- [Exercise goal]: Would you retype the listing below word for word, without any of its pictures?

- [Supplied data]:
....

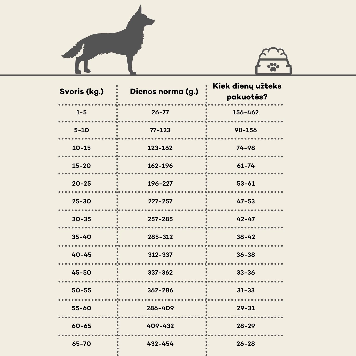 Dawkowanie: Karma dostosowana do wagi psa. Na przykład, dla psa ważącego 10-15 kg, zaleca się podawanie 123-162 g dziennie.
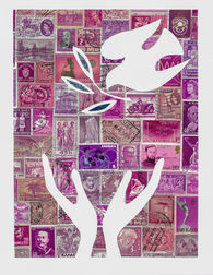 Through the monochromatic scheme of many stamps, I recreate postage stamp imagery by collaging dozens of stamps from around the world into a unified image.
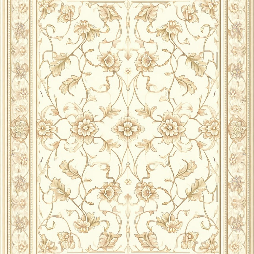 Heritage Garden Area Showcasing Baroque Floral and Leafy Arabesque(Beige)
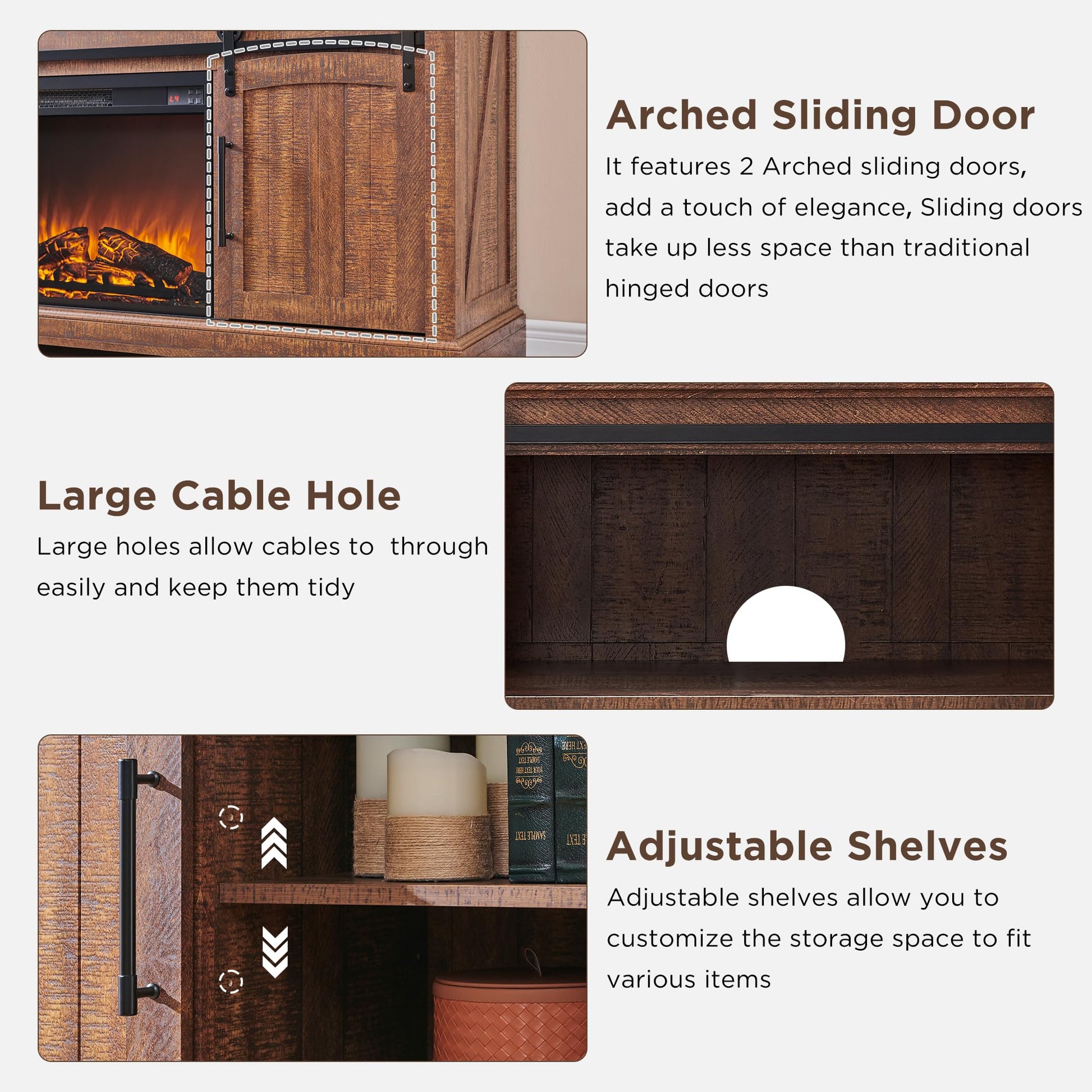 - Exquisite Farmhouse Fireplace TV Stand: OKD Fireplace tv stand features an exquisite sliding arched door and retro metal decor. Its unique distressed finish is wonderfully eye-catching, and it has natural variations in grain, color, and texture, giving every piece a unique look, and easily creating a rustic, charming, cozy living room. Matches perfectly with other furniture.

....

- [Task output]:
 Dawkowanie: Karma dostosowana do wagi psa. Na przykład, dla psa ważącego 10-15 kg, zaleca się podawanie 123-162 g dziennie.
 Through the monochromatic scheme of many stamps, I recreate postage stamp imagery by collaging dozens of stamps from around the world into a unified image.
 Heritage Garden Area Showcasing Baroque Floral and Leafy Arabesque(Beige)
 - Exquisite Farmhouse Fireplace TV Stand: OKD Fireplace tv stand features an exquisite sliding arched door and retro metal decor. Its unique distressed finish is wonderfully eye-catching, and it has natural variations in grain, color, and texture, giving every piece a unique look, and easily creating a rustic, charming, cozy living room. Matches perfectly with other furniture.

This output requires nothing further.